** Input for this task follows **

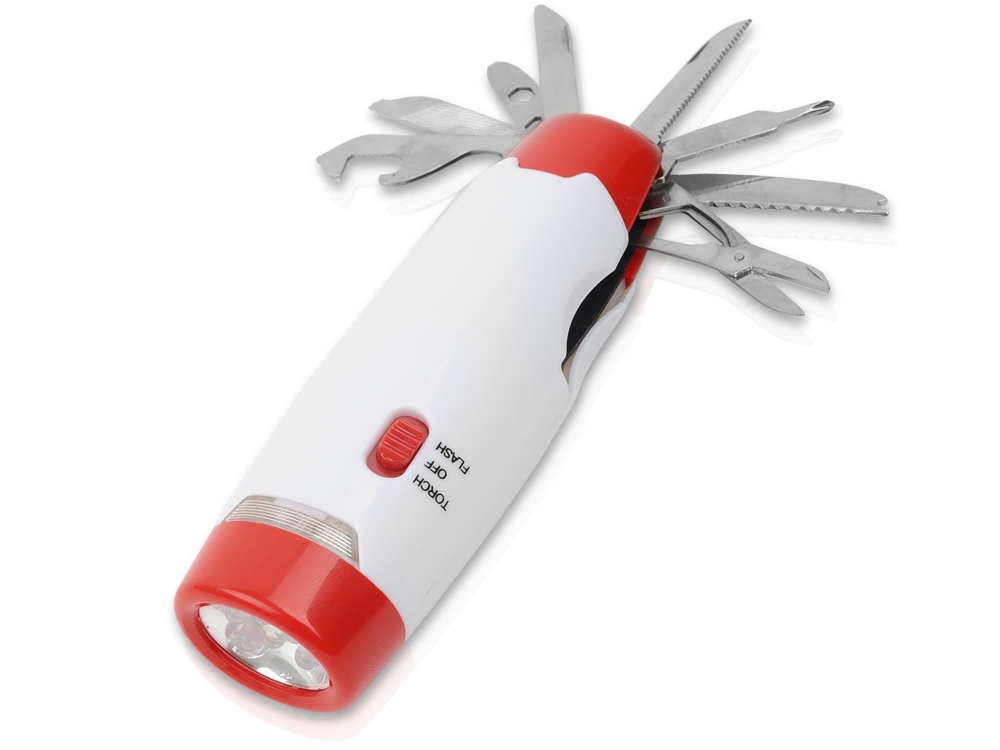 Замечательный фонарик-мультиинструмент дает яркий световой поток синего и красного цветов. Фонарик станет прекрасным и незаменимым помощником во время похода. Тампопечать (1 цвет (белые изделия)) на данный товар осуществляется бесплатно. Оплачивается только настройка оборудования в размере 4000 рублей на весь тираж.
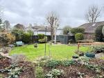 Rear Garden - Patio area. Ornamental pond. Side access path with wrought-iron gates to both sides. Lawned area with raised borders with flower and shrubs.
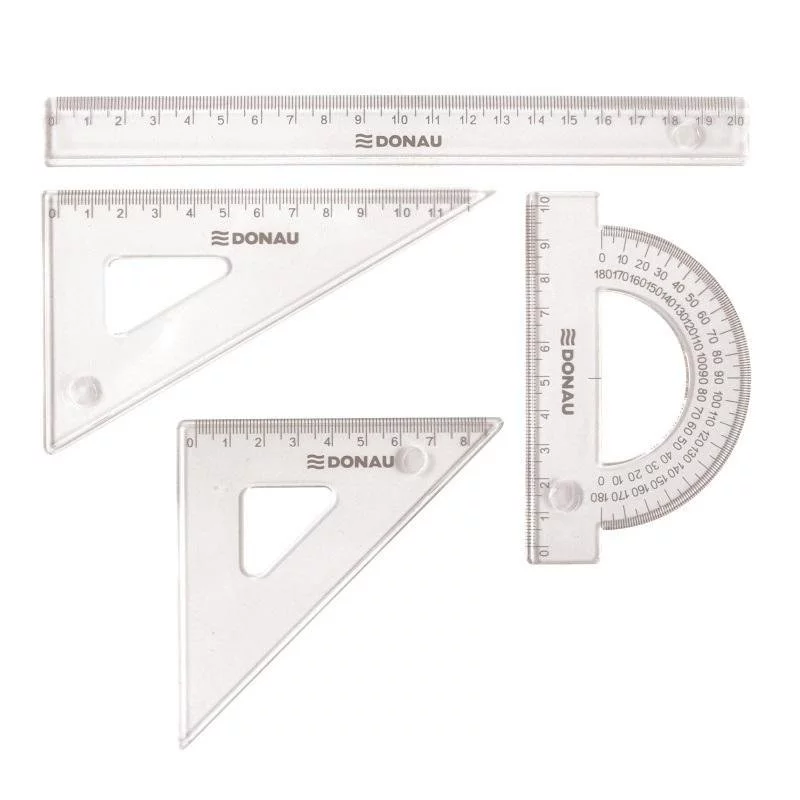 - zestaw mały: linijka 20cm, kątomierz, ekierka 9cm i ekierka 13,5cm
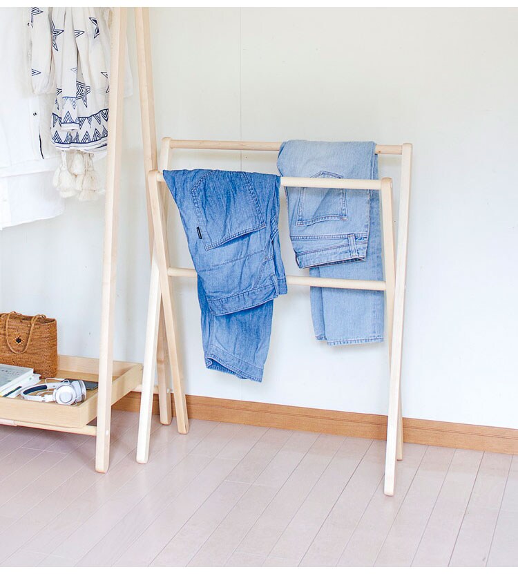 洋服やタオルをちょっと掛けて使えるスマートラック。脚をたたんだときは完全にフラットになり奥行きは3.5cmになるので、使わないときには狭い隙間に収納しておくことができます。
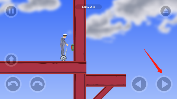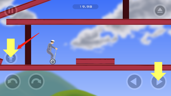 五枚按钮覆盖全部动作:左下三键掌控平衡与腾跃,右下两键驱动进退。看似自由,实则处处受限——倾斜角度稍大即侧翻,起跳时机差半拍便坠崖。

** End of Input for this task **

Action item:
Produce an exact copy of the lines from the line with "Rear Garden - Patio" through the last line of the data above, both ends included. No pictures belong in it.

Answer for this exercise:
 Rear Garden - Patio area. Ornamental pond. Side access path with wrought-iron gates to both sides. Lawned area with raised borders with flower and shrubs.
 - zestaw mały: linijka 20cm, kątomierz, ekierka 9cm i ekierka 13,5cm
 洋服やタオルをちょっと掛けて使えるスマートラック。脚をたたんだときは完全にフラットになり奥行きは3.5cmになるので、使わないときには狭い隙間に収納しておくことができます。
 五枚按钮覆盖全部动作:左下三键掌控平衡与腾跃,右下两键驱动进退。看似自由,实则处处受限——倾斜角度稍大即侧翻,起跳时机差半拍便坠崖。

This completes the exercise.